Man Steals Photographs from Girls via Facebook Scam

28 April 2011

An American man (residing in Minnesota) has been accused of hacking into other people’s Facebook and email accounts, stealing “compromising” photographs of women, which were then posted up onto adult websites.

In a case that highlights the importance of safety on Facebook and strong passwords, as it was reported on Yahoo and various media that Timothy Peter Noirjean conned young women into providing him with personal information, which allowed him to hack into their personal Facebook and email accounts. Noirjean is believed to have then pretended to be the owner and made contact with her friends and attempt to hack into further accounts.

The report reports that an 18-year-old woman contacted police after she discovered her password had been compromised, after she had been chatting with Noirjean thinking it was a friend. Her password has been reset and photographs from her email account had also been posted online. One of the Facebook victims informed police she had added “Steve Mills” who had informed her that a “compromising” photograph taken from her and was posted on his website. He then informed her that he would only take down the posted photo, if she sent him a naked photograph. She refused.
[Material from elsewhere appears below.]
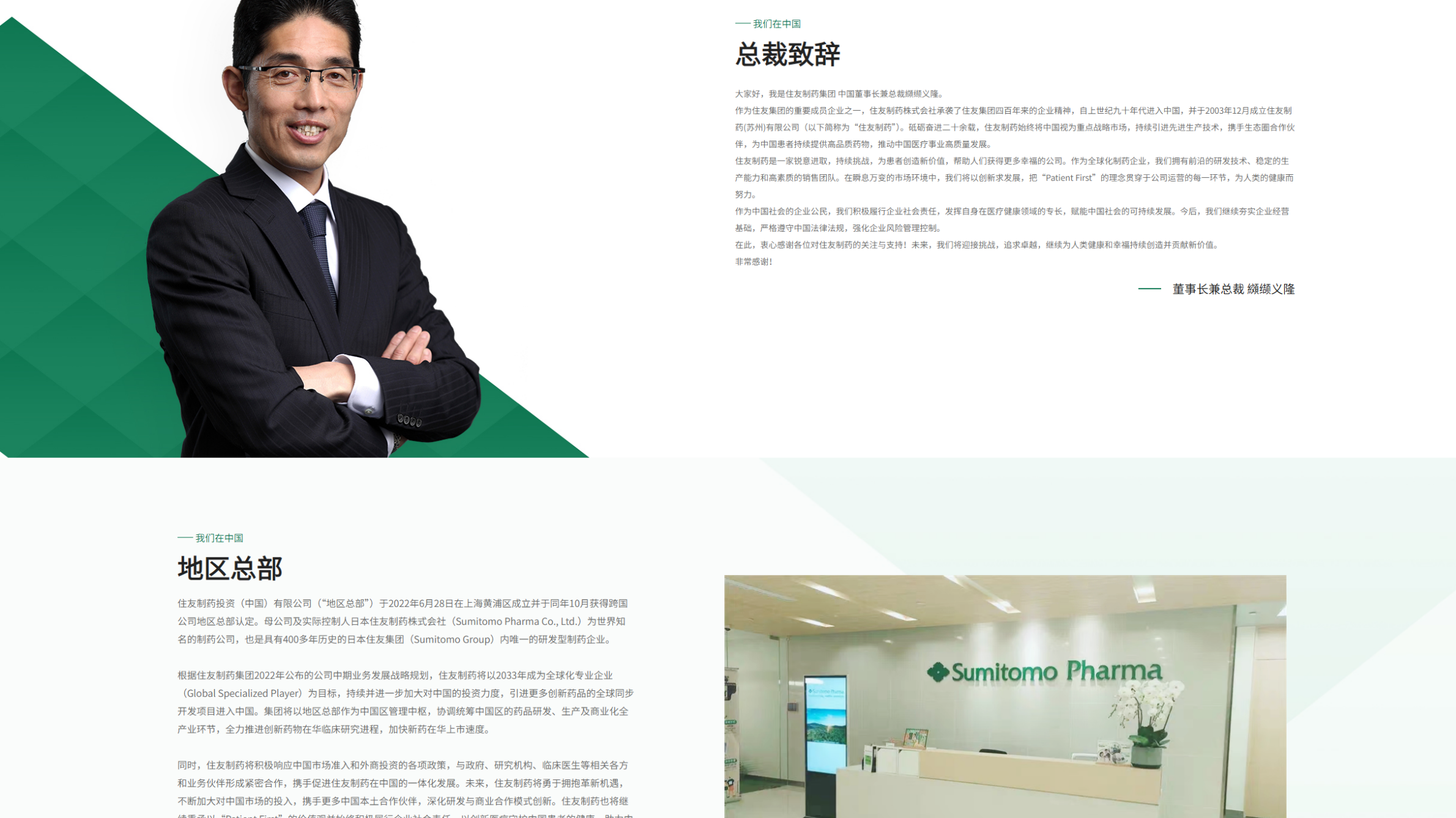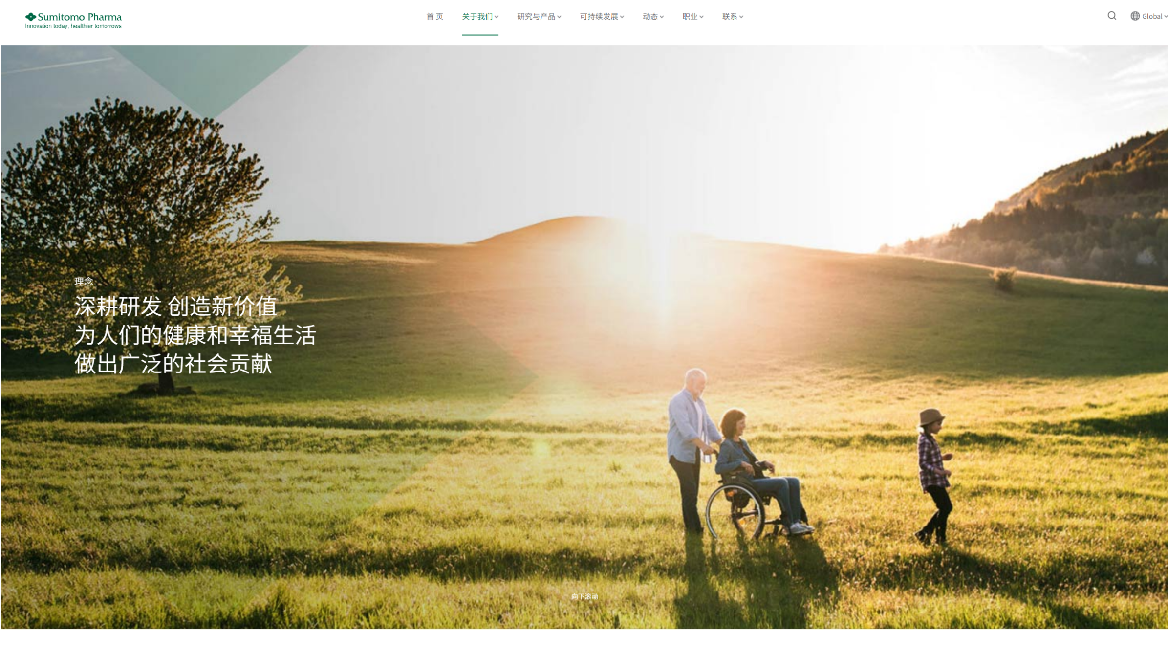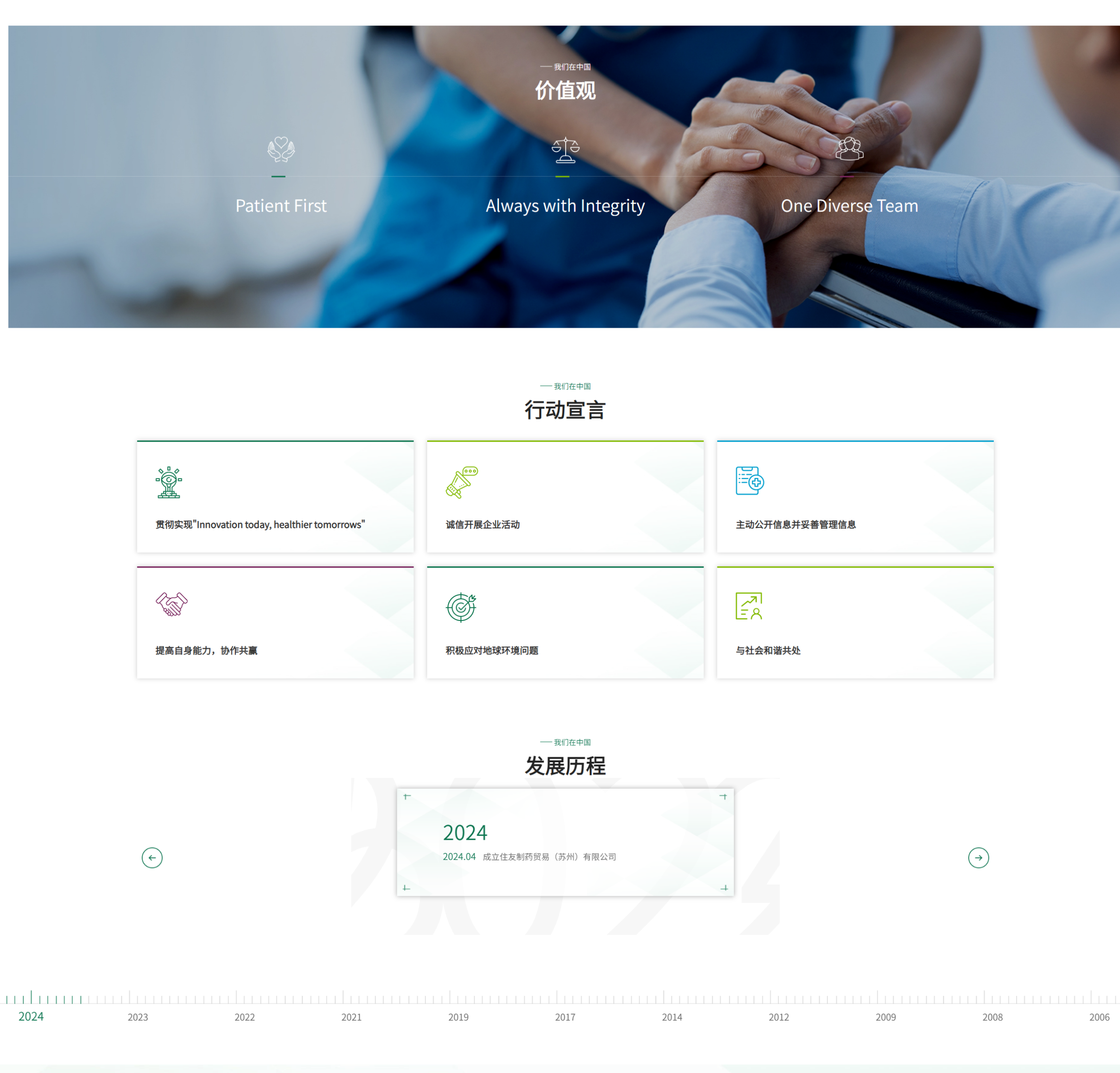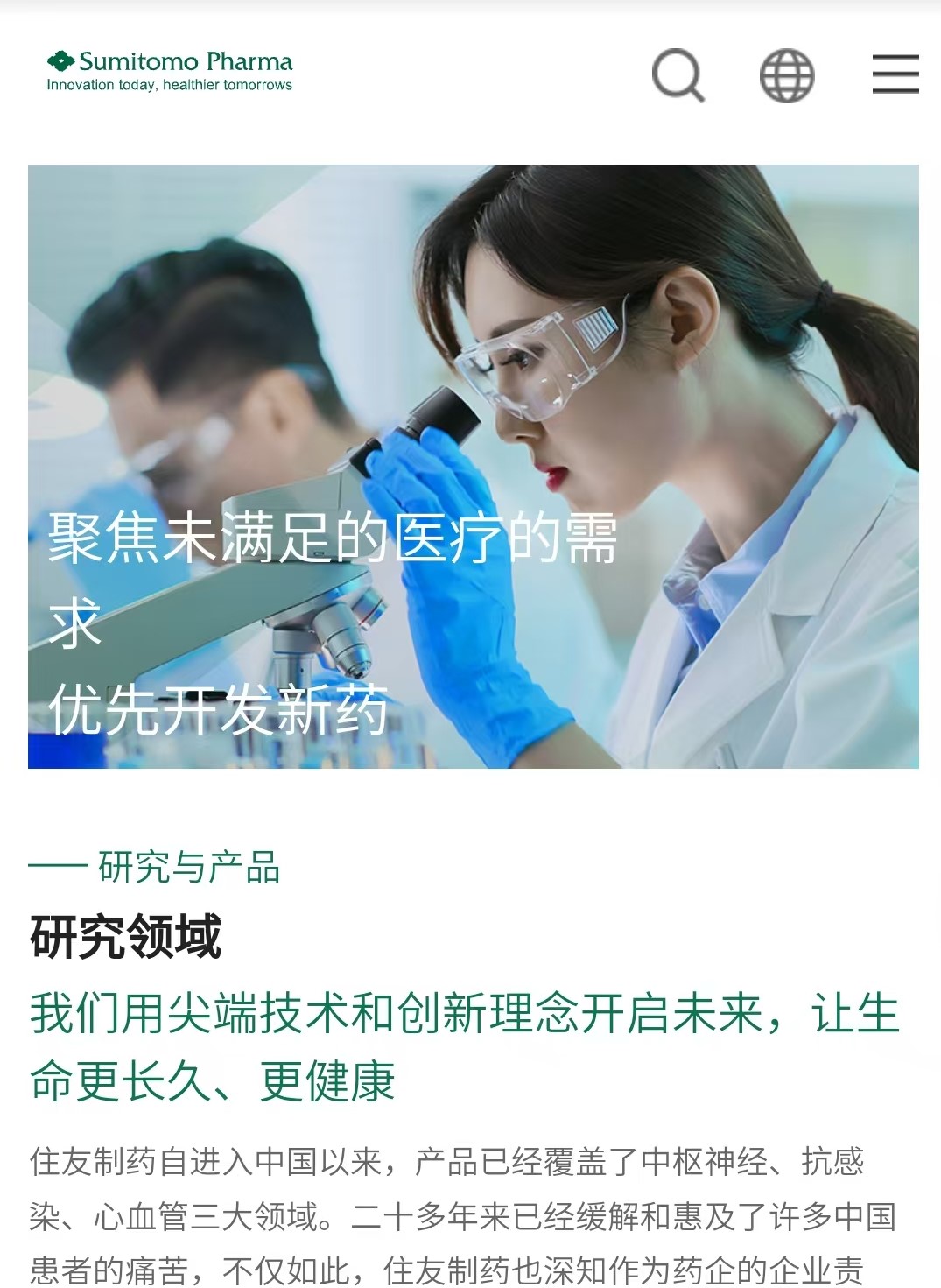 住友制药官网采用精心设计的色彩方案,以深绿色为主色调,象征着企业的专业性、可靠性以及对生命健康的深切关怀,传递出严谨的科研精神和责任感。辅以柔和的浅蓝色,增添了温暖与人文关怀,体现了公司以患者为中心、提供个性化治疗方案的使命。

Noirjean has exploited “the trust” that many people have on social networking sites like Facebook. For example, people seem to be willing to accept friend requests without knowing anything about the person. Fake Facebook accounts often feature attractive pics of to “entice” people into accepting requests, which isn’t the actual person who is sitting behind the screen.

This also highlights the severe problem of people selecting “easy to remember” passwords for themselves, which – as proven by this case – even someone without hacking experience/software could easily crack. Strong passwords are the key to online security and should feature over 12 characters, include non-alphabetic symbols and characters, ideally in the form of a mnemonic phrase.

It should also highlight the consequences of online security, due to the complexities of the legal system, as while Noirjean has been charged, the police have no power to enable them to get the photographs taken down.